Owain Jones and Paul Cloke, “Orchard” from Tree Cultures: The Place of Trees and Trees in their Place (2002), In The Cultural Geography Reader. pp. 123–142.
Koolhaas, Rem. “Junkspace.” Excerpt from October, vol 100. MIT Press. pp. 175-190.
Ford, Tanisha. 2019. “Beysthetics: “Formation” and the politics of style” in The Lemonade Reader edited by Kinitra D. Brooks, Kameelah L. Martin
Benyus, Janine M. 1997. “Parable of the Prairie” Excerpt from Biomimicry: Innovation Inspired by Nature.
Imrie, Rob. 2004. “Disability, Embodiment and the Meaning of the Home.” Excerpt from Housing Studies, Vol.
19, No. 5, 745–763.

Graduate Thesis Summer Assignments

Annotated Theory Readings Due First Week of Fall Classes
You will receive an assigned reading list. PDFs of these readings will be available on SharePoint. The readings include a range of seminal texts exploring some of the main themes and ideas in interior design. The readings are mostly excerpts drawn from these readers:
Mark Taylor and Julieanna Preston, eds. 2006. Intimus: Interior Design Theory Reader.
Lois Weinthal, ed. 2011. Toward a New Interior: An Anthology of Interior Design Theory.
Graeme Brooker and Sally Stone, eds. 2013. From Organisation to Decoration: An Interiors Reader.
Jack Gieseking, William Mangold, et al, eds. 2014. The People, Place, and Space Reader.
You should invest time in understanding the main ideas of the readings and how they relate to and shape the discourse of interior design.
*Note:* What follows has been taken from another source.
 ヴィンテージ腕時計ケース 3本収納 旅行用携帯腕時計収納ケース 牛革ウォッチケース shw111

To do so you may have to look up projects or other writings that are referenced in the articles. In some cases you may find it useful to go to the full-length or original publications.
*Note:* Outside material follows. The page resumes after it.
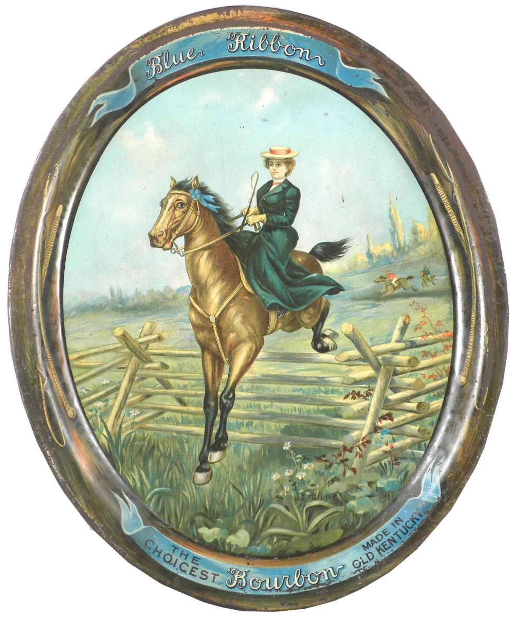 Blue Ribbon Bourbon Tin Serving Tray. Made in Old Kentucky. Depicts equestrian scene. Some significant edge ware otherwise good condition. 14 X 17 inches.

Your assignment: read the selections on the list and for each reading, prepare a short annotation, including:
What are the key terms? How are the defined or expressed?
Why was this written? What issues are at stake?
Briefly summarize the argument of the author.
What is the context? When, where, with whom, in response to what?
What is your opinion of the position of the author?

These readings are intended to spark ideas related to your thesis project and help you figure out how your interest relates to the discourse and practice of interior design. You may find it useful to peruse the readers that contain these excerpts as well as looking at their citations to understand what other literature might be relevant.
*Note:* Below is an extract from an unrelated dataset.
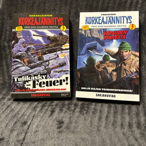 Korkeajännitys Sivut sarjakuvakirjat, sisältäen useita toimintahistoriaa kuvaavia tarinoita. Kirjat ovat suomenkielisiä ja sisältävät neljä rajua toimintatarinaa, kuten 'Pommikoneen Kirous' ja 'Koiratappelu" Soveltuvat sarjakuvien lukemiseen ja keräilyyn.

Use these readings, in conjunction with you own interests, to identify and articulate a topic for your thesis.

Topical Bibliography Due First Week of Fall Classes
After you have settled on a topic, prepare a list of readings, references, and relevant projects. To accomplish this task, it will be necessary to familiarize yourselves with the libraries at your disposal, which include not only the Drexel Library, but a variety of subscription services and other university and specialized libraries including the Avery Library at Columbia University.

Please make use of our program’s research guide on the library website.
http://libguides.library.drexel.edu/interior

Once you are into the libraries, it will be important for you to learn about the kinds of literature that exist on your topic of interest and the general themes and concerns. You should draw on literature of a variety of types and from a range of sources, such as primary documents, secondary materials, videos, websites, and other media. When you are broadly familiar with the relevant literature, prepare a bibliography of 10-20 key references that help to inform your topic. This list will be the starting point for the literature review that will be developed during the fall term.